There are a number of ways this hardened edge is incorporated into the
blades of Chinese swords. One of the most frequently encountered in single
edge dao (sabers) is qiangang – literally “inserted
steel”. This edge is a separate piece of steel that is inserted into a
folded-over “jacket” of layered pattern welded steel. The edge plate
is of steel with a higher carbon content. When the blade is forged and ground,
it protrudes and forms the cutting portion of the blade. The somewhat softer
“jacket” serves as a support medium and “shock absorber.”

Jian, being double-edged, are usually made of sanmei or
three-plate construction (as are also some dao). In this case, the
piece of hardened steel that is used to form the edge runs all the way
through the body of the sword, appearing on both edges. This core is
sandwiched between walls of somewhat softer layered steel which serves as
a support medium for the harder and more brittle central core.
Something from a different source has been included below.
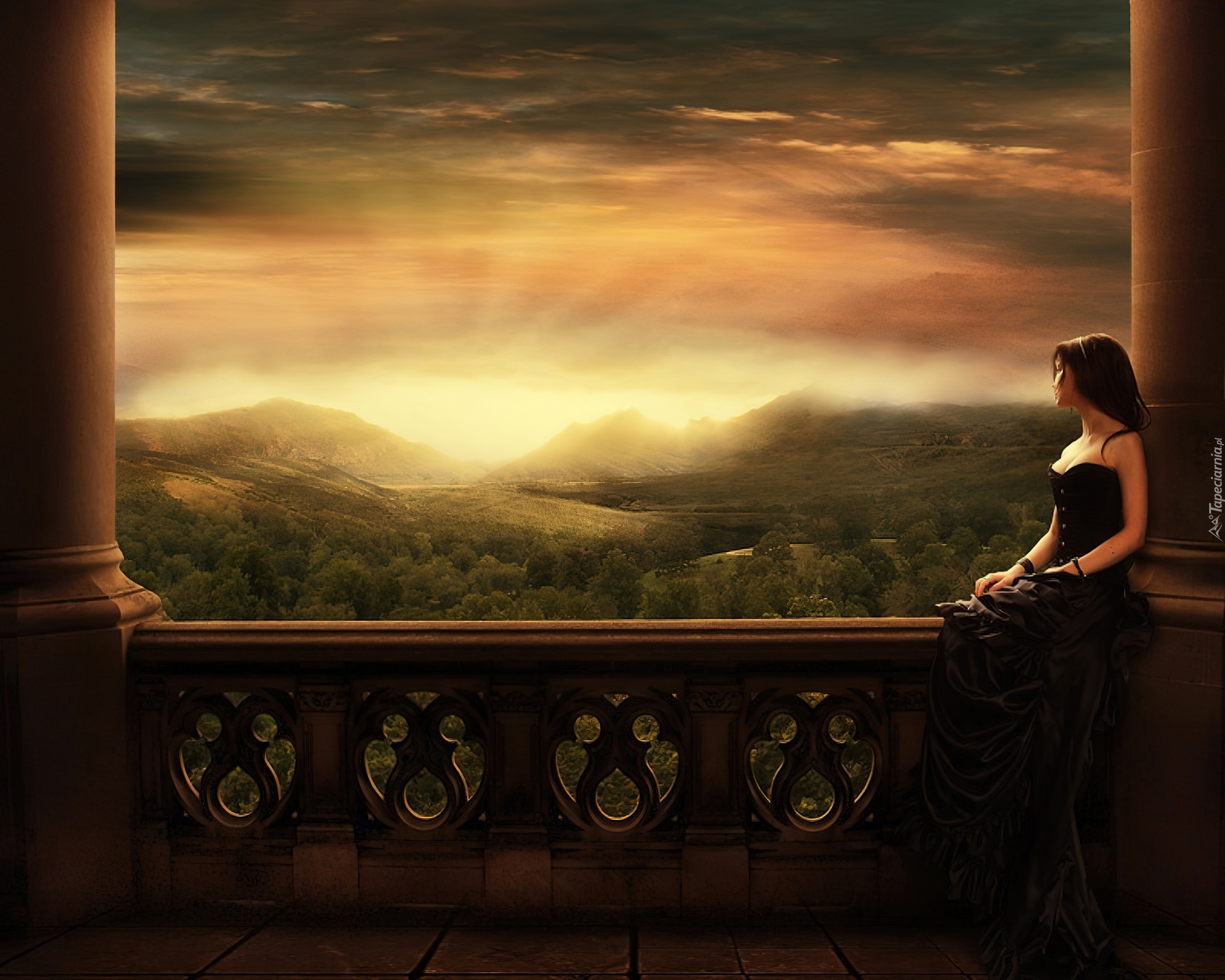 Edytor tapety: Kobieta, Zachód, Słońca, Balkon

A method of heat treating used to produce blades with hard edges and
softer, more resilient backs or centers was the differential hardening of
a blade edge by using refractory clay mixtures. This technique (popularly
known as clay tempering), made famous by Japanese sword smiths, originated
in China in the early Tang dynasty (seventh century AD). This method was
adapted by the Japanese during the Tang dynasty (618-907 AD).*
This differential hardening method involves using the refractory clay to
insulate the back of the blade (thus changing the rate at which the steel
cools), while exposing the edge during the quenching and hardening process.
The radical temperature change at the edge produces a thorough crystallization
of the carbon in the steel to make a hard edge while keeping the rest of
the blade from becoming brittle. When done properly, this method produces
a very hard cutting edge backed by a softer blade body, which retains the
resilience to absorb shock. Though some Chinese sword smiths continued to
use this refractory clay method well into the nineteenth century, it generally
fell out of use by the Song dynasty (960-1280 AD). Henceforth, other methods
of hardening were adopted, possibly due to Central Asian and Middle Eastern
influences during the Yuan dynasty.

The nature of steel is that it cannot be made to both extremes of hardness
and flexibility. Its a matter of trade offs. Constructing a jian out
of different types of steel meets the requirements of hardness and resilience.
The blades of jian, like those of dao, must be carefully heat
treated. However, even those with the most “springy” temper cannot
be bent in a complete circle, or very far beyond a gentle arc. Chinese swords,
as discussed above, are laminates composed of hundreds of layers of steel.
The nature of any laminate, like plywood for example, is that it can flex
under stress and return to its original shape. The hardened high carbon steel
that composes the edge is brittle and does not want to flex. In fact, this
edge would break or shatter if bent too far or hit very hard. This is why the
entire sword is not made of this type of hardened steel. Its edge has to be
protected by “cheeks” of more flexible steel of somewhat lower
carbon content. The whole sword cannot likewise be made of the more flexible
“milder” steel with lower carbon content. Though more shock
resistant than hardened steel, lower carbon steel will not take and hold
an edge well enough to be serviceable in cutting.